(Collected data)
━━━━━━━━━━━━━━━━
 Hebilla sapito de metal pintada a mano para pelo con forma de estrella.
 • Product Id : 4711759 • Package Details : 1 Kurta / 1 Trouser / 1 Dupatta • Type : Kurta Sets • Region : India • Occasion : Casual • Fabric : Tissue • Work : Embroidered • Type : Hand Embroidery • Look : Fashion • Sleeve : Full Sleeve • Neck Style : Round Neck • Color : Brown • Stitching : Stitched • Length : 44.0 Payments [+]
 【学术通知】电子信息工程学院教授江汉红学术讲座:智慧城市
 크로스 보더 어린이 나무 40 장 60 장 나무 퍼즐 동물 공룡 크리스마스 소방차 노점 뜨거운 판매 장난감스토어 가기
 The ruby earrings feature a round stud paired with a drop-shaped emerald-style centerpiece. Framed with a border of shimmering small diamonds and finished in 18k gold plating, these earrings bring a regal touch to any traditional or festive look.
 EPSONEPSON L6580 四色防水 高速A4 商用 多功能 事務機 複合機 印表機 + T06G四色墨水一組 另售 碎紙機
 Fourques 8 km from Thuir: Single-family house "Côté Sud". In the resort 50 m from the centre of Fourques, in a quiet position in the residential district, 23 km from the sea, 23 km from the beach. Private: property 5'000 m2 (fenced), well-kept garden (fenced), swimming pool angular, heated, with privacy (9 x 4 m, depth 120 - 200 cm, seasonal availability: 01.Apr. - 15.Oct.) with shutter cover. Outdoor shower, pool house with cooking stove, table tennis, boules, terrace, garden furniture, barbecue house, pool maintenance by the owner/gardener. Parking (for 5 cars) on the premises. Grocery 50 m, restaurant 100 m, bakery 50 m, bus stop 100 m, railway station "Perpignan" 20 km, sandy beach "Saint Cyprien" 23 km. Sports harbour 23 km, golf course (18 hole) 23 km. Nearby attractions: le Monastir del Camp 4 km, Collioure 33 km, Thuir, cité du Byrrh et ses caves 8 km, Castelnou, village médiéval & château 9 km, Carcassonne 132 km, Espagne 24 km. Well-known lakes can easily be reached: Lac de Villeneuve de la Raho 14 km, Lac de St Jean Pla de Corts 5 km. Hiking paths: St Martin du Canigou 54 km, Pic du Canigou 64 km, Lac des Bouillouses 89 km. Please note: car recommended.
━━━━━━━━━━━━━━━━
» **What this task involves**
What you return must match the data above character for character.

» **Response area**
 Hebilla sapito de metal pintada a mano para pelo con forma de estrella.
 • Product Id : 4711759 • Package Details : 1 Kurta / 1 Trouser / 1 Dupatta • Type : Kurta Sets • Region : India • Occasion : Casual • Fabric : Tissue • Work : Embroidered • Type : Hand Embroidery • Look : Fashion • Sleeve : Full Sleeve • Neck Style : Round Neck • Color : Brown • Stitching : Stitched • Length : 44.0 Payments [+]
 【学术通知】电子信息工程学院教授江汉红学术讲座:智慧城市
 크로스 보더 어린이 나무 40 장 60 장 나무 퍼즐 동물 공룡 크리스마스 소방차 노점 뜨거운 판매 장난감스토어 가기
 The ruby earrings feature a round stud paired with a drop-shaped emerald-style centerpiece. Framed with a border of shimmering small diamonds and finished in 18k gold plating, these earrings bring a regal touch to any traditional or festive look.
 EPSONEPSON L6580 四色防水 高速A4 商用 多功能 事務機 複合機 印表機 + T06G四色墨水一組 另售 碎紙機
 Fourques 8 km from Thuir: Single-family house "Côté Sud". In the resort 50 m from the centre of Fourques, in a quiet position in the residential district, 23 km from the sea, 23 km from the beach. Private: property 5'000 m2 (fenced), well-kept garden (fenced), swimming pool angular, heated, with privacy (9 x 4 m, depth 120 - 200 cm, seasonal availability: 01.Apr. - 15.Oct.) with shutter cover. Outdoor shower, pool house with cooking stove, table tennis, boules, terrace, garden furniture, barbecue house, pool maintenance by the owner/gardener. Parking (for 5 cars) on the premises. Grocery 50 m, restaurant 100 m, bakery 50 m, bus stop 100 m, railway station "Perpignan" 20 km, sandy beach "Saint Cyprien" 23 km. Sports harbour 23 km, golf course (18 hole) 23 km. Nearby attractions: le Monastir del Camp 4 km, Collioure 33 km, Thuir, cité du Byrrh et ses caves 8 km, Castelnou, village médiéval & château 9 km, Carcassonne 132 km, Espagne 24 km. Well-known lakes can easily be reached: Lac de Villeneuve de la Raho 14 km, Lac de St Jean Pla de Corts 5 km. Hiking paths: St Martin du Canigou 54 km, Pic du Canigou 64 km, Lac des Bouillouses 89 km. Please note: car recommended.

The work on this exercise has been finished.